I promptly turned off the cartoon and this resulted in long sighs as if she’d been mentally transported into the future as her 15-year old self. Somehow my demands that she clean up the mess she made by herself became a completely overblown toddler crisis and she ended up hiding behind our couch, in a small area near our front door where we keep our shoes.

She had thrown all the shoes out, was crying and in between sobs was saying “but it’s not my joooob! I don’t want to do it! I just want to be lazy and not clean it up!”

I know exactly where her demands to be lazy are coming from and when my 11-year old son got back from camp we had a serious talk about the days he declares “I don’t want to do anything today! It’s lazy… (insert whichever day of the week it is). Eventually the entire drama came down to her saying she would have cleaned up the water if only I had used the word, “please.”
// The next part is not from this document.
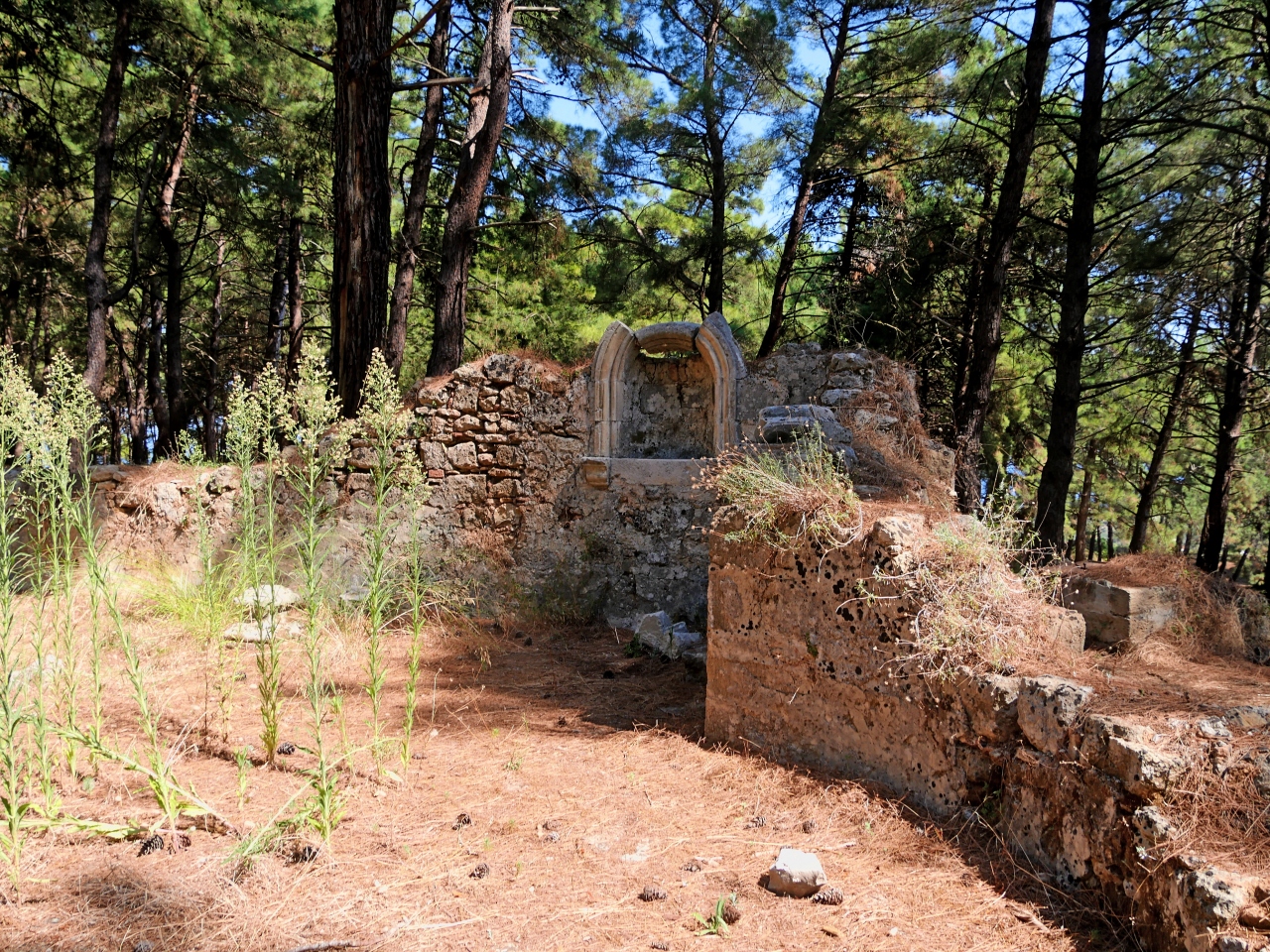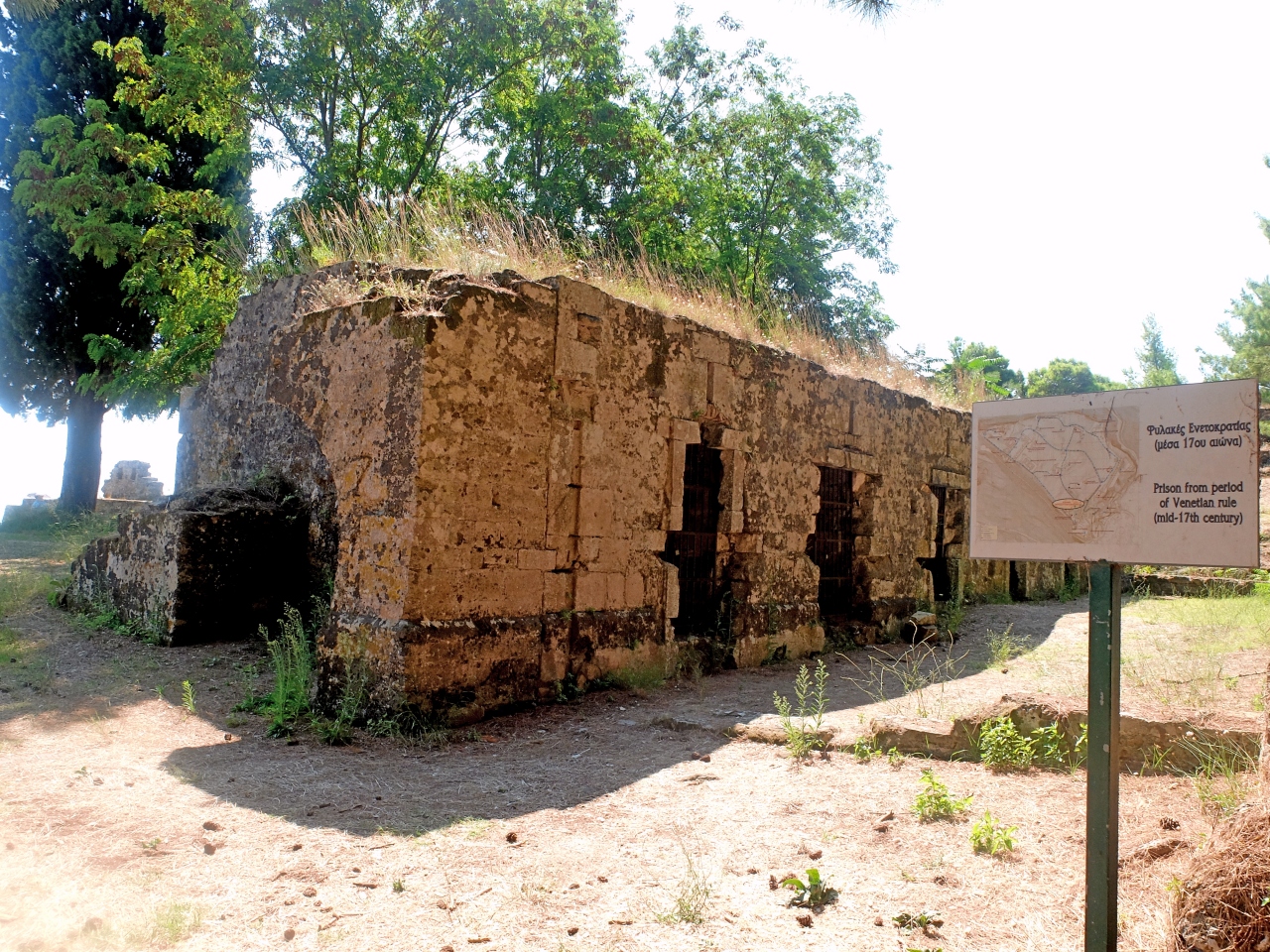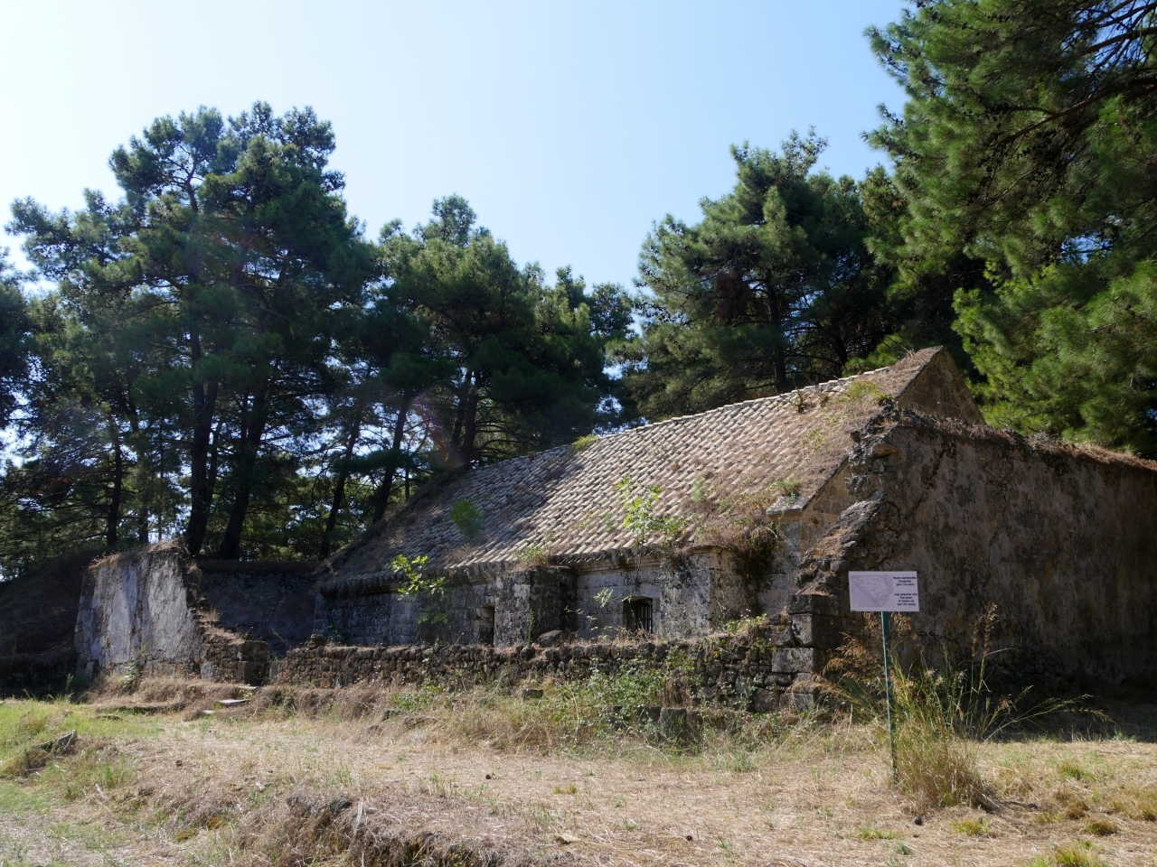 ザキントスの町中を通り,山の上,Bohaliとう所にあるヴェネチア時代の城(要塞)見学.もとはギリシャのアクロポリスやビザンチン帝国の砦跡に建てられた.1646年に建設 そ 1812年に大英帝国がイオニア諸島を引き継いだとき,城は再建され,兵舎やパウダールーム,家屋を含む新しい建物が建設されたとのこと.その後1953年の地震などにより損壊されている.今は静かな松林の中にベネツィア時代の建物と大英帝国時代の建物跡が残る.いくつかの教会跡もある.ヴェネツィア時代のパウダールームと牢獄がよく保存されている.散歩がてら見てもいい遺跡だ.私たちは車で来たが,歩いてくると結構の高台なので一苦労するだろう.

She said all this while still nestled in the space behind the couch and when I added the “magic word” of please to the request a slightly muffled voice informed me: “Well, I can’t do it while I’m crying and I can’t stop crying!”

Eventually, the water did get cleaned up and the drama was abated with a cartoon and cuddle but the attitude bordering on full-blown teenage angst continued off and on throughout the day, with most of her responses coming at me in irritated and impatient tones.

I liked my mom’s suggestion when I told her this story, which was that if she says again “it’s not my job” I turn the tables on her by refusing to do various tasks she would like done and saying flippantly “Sorry. It’s not my job.” Mom and I were fairly certain this effort will one day backfire on me, however, since I am a mom and it actually is my “job” to take care of my kids and Little Miss will most likely inform me of that. one day.